The defendant claims that the trial court improperly (1) denied his motion to suppress evidence, which was based on the ground that the search and seizure of evidence regarding intoxication was in violation of the fourth and fourteenth amendments to the United States constitution and article first, §§ 7, 8 and 9, of the Connecticut constitution,3 and (2) denied his motion to dismiss, which was based on the ground that his arrest and seizure were in violation of General Statutes § 54-If.4 We affirm the decision of the trial court.
[593]*593The trial court found the following facts. On January 18, 1992, the defendant was operating his motor vehicle in Derby. Shortly after midnight, Charles Sampson, a Shelton auxiliary police officer, was driving his personal vehicle home from his job at the Shelton police department.5 While traveling through Derby, Sampson observed the defendant operating his vehicle in an erratic manner. Sampson saw the defendant’s vehicle run a stop sign, go onto the curb and continue traveling down the road. Sampson observed that the defendant was unable to keep his car on the traveled portion of the roadway. At trial, Sampson testified that the defendant, while driving, “had crossed over the center of the road, traveling northbound in the southbound side of the road and also striking the right hand shoulder of the road multiple times.”

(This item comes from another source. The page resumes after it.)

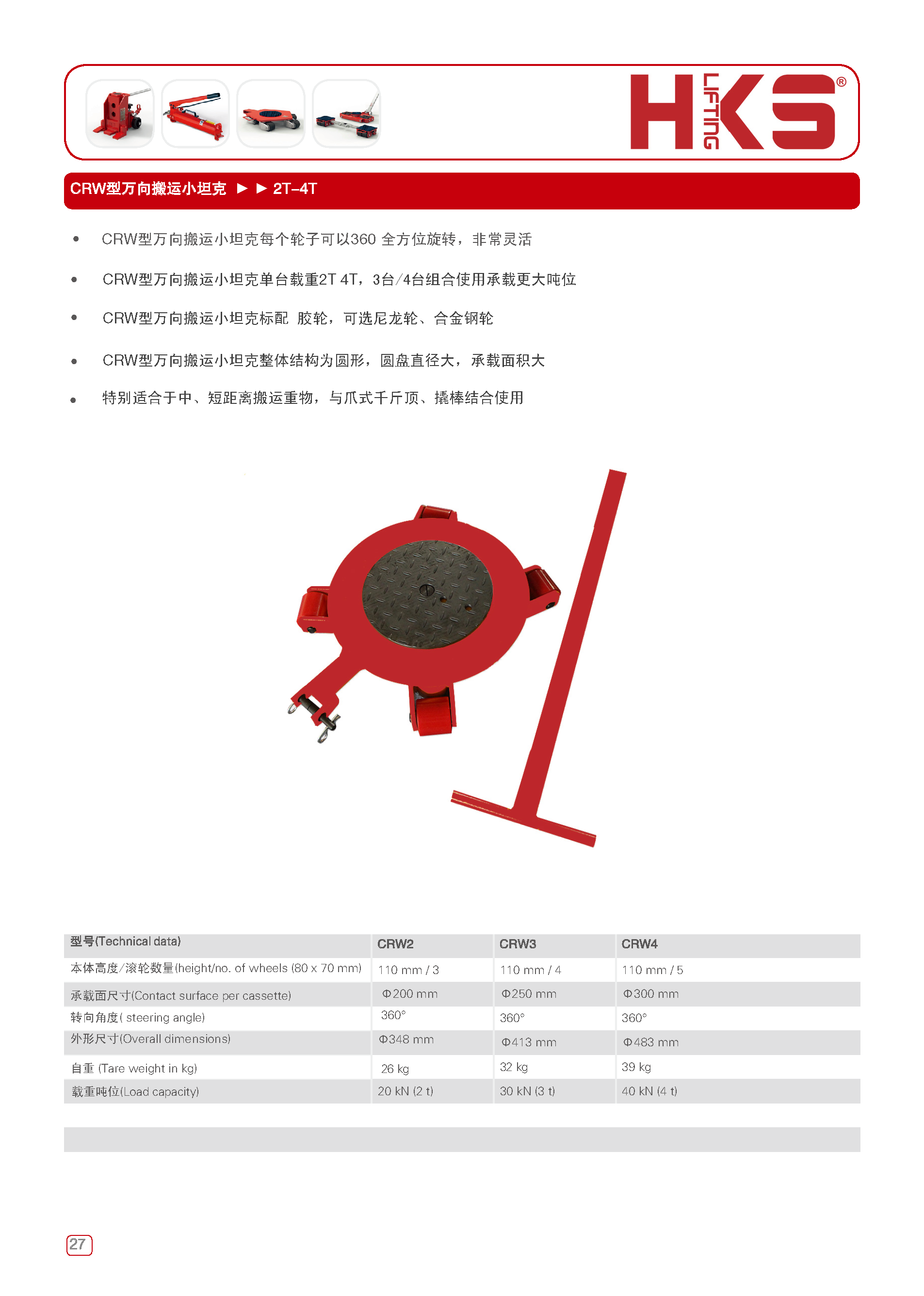HKS-LIFTING艾馳楷時搬運工具涵蓋了直行搬運坦克車、轉(zhuǎn)向搬運坦克車、萬向搬運坦克車、手搖搬運坦克車、履帶搬運坦克車,載重噸位從2噸達千噸。

After witnessing these events, Sampson called the Derby police from his cellular phone. In the meantime, he continued to follow the defendant, who continued to drive in an erratic manner. Sampson then flashed his headlights and turned on a blue flashing light he had as a Derby volunteer fire fighter. The defendant pulled over. Sampson turned off his lights, got out of his vehicle, approached the defendant’s car and asked [594]*594the defendant to wait for the Derby police. Sampson was dressed in his auxiliary police uniform. Although Sampson did not ask any questions, or request any information, the defendant handed his license and registration to Sampson who looked at them and returned them to the defendant. Sampson then returned to his car and awaited the arrival of the Derby police.

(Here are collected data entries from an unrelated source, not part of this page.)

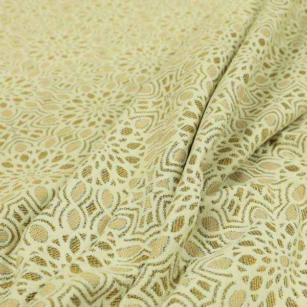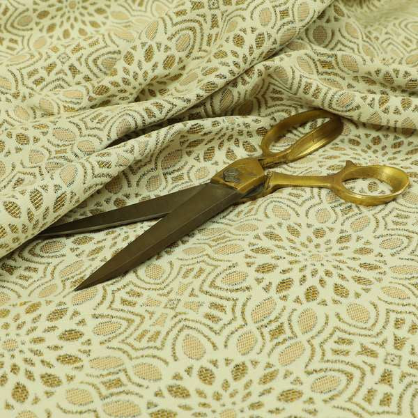 Expertly designed, these Roman blinds feature a uniformed medallion pattern theme in beige chenille jacquard fabric. Enhance your space with this sophisticated and timeless addition, offering both style and functionality for your windows.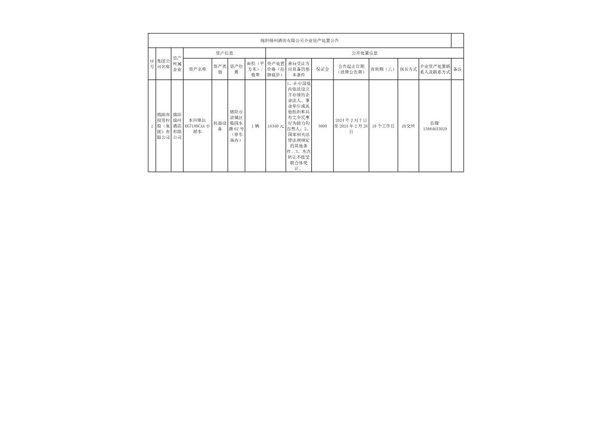 綿陽(yáng)綿州酒店有限公司企業(yè)資產(chǎn)處置公告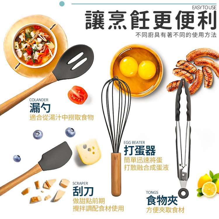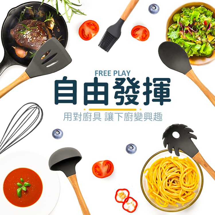 矽膠廚具 不沾鍋廚具 煎鏟 鍋鏟 湯勺 打蛋器 撈麵勺 食物夾 廚房用具 烘焙料理 木柄 含掛孔【小麥購物】【Y302】漏鏟|撈麵勺|刷子|食物夾|密鏟|密勺|湯勺|漏勺|平頭勺|刮刀|飯匙Spatulas & Cooking Tweezers 小麥購物

The Derby police arrived at the scene shortly thereafter. They spoke with Sampson, who explained what had happened, and they approached the defendant’s vehicle, which was still running with its lights on. While asking the defendant for his license, the officers smelled a strong odor of alcohol and noted that the defendant’s speech was slurred. They asked the defendant to perform some field sobriety tests which he failed. Thereafter, he was arrested by the Derby police for operating a motor vehicle while under the influence of intoxicating liquor or drugs in violation of General Statutes § 14-227a (a).

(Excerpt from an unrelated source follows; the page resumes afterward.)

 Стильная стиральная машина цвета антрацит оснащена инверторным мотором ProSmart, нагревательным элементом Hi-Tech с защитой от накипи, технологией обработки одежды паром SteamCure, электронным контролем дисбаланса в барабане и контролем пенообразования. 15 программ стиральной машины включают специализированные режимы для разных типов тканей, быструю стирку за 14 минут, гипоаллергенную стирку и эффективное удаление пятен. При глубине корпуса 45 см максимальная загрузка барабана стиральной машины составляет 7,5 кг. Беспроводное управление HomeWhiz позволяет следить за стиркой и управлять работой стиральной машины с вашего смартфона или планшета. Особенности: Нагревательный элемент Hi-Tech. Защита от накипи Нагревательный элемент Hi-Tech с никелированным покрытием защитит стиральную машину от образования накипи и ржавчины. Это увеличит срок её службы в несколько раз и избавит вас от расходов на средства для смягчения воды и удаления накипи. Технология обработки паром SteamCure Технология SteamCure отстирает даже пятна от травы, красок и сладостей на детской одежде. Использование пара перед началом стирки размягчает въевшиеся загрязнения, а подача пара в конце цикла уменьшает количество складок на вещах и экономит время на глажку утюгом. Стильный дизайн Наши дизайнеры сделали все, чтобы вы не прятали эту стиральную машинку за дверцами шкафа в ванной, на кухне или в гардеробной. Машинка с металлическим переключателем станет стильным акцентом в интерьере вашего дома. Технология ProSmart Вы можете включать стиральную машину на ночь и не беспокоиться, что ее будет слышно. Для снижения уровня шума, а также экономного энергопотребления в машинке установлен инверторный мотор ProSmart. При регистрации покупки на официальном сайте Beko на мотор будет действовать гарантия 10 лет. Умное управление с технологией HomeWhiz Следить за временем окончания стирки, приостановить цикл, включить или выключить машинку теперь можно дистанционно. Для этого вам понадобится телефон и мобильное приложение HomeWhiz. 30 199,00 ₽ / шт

The defendant first claims that Sampson’s conduct violated the fourth amendment of the United States constitution. The fourth amendment protects the defendant’s person from unreasonable searches and seizures by the federal government. The fourth amendment is made applicable to state action by the fourteenth amendment. Camara v. Municipal Court, 387 U.S. 523, 87 S. Ct. 1727, 18 L. Ed. 2d 930 (1967); Ker v. California, 374 U.S. 23, 30, 83 S. Ct. 1623, 10 L. Ed. 2d 726 (1963); Mapp v. Ohio, 367 U.S. 643, 81 S. Ct. 1684, 6 L. Ed. 2d 1081 (1961); State v. Holliman, 214 Conn. 38, 43, 570 A.2d 680 (1990); State v. Rice 172 Conn. 94, 97, 374 A.2d 128 (1976). Fourth amendment constitutional guarantees against unreasonable searches and seizures apply, however, only to governmental action and not to action by private citizens acting in their private capacity. Burdeau v. McDowell, 256 U.S. 465, 475, 41 S. Ct. 574, 65 L. Ed. 1048 (1921). [595]*595Evidence seized by an individual acting in a private capacity, even illegally, will not be excluded from a criminal trial. See 1 W. LaFave, Search and Seizure (2d Ed. 1987) § 1.8 (a), p. 174. Therefore, before we reach the question of whether there was an unreasonable search and seizure by Sampson invoking constitutional guarantees, we must first address the threshold issue of whether there was sufficient governmental action to invoke these constitutional guarantees.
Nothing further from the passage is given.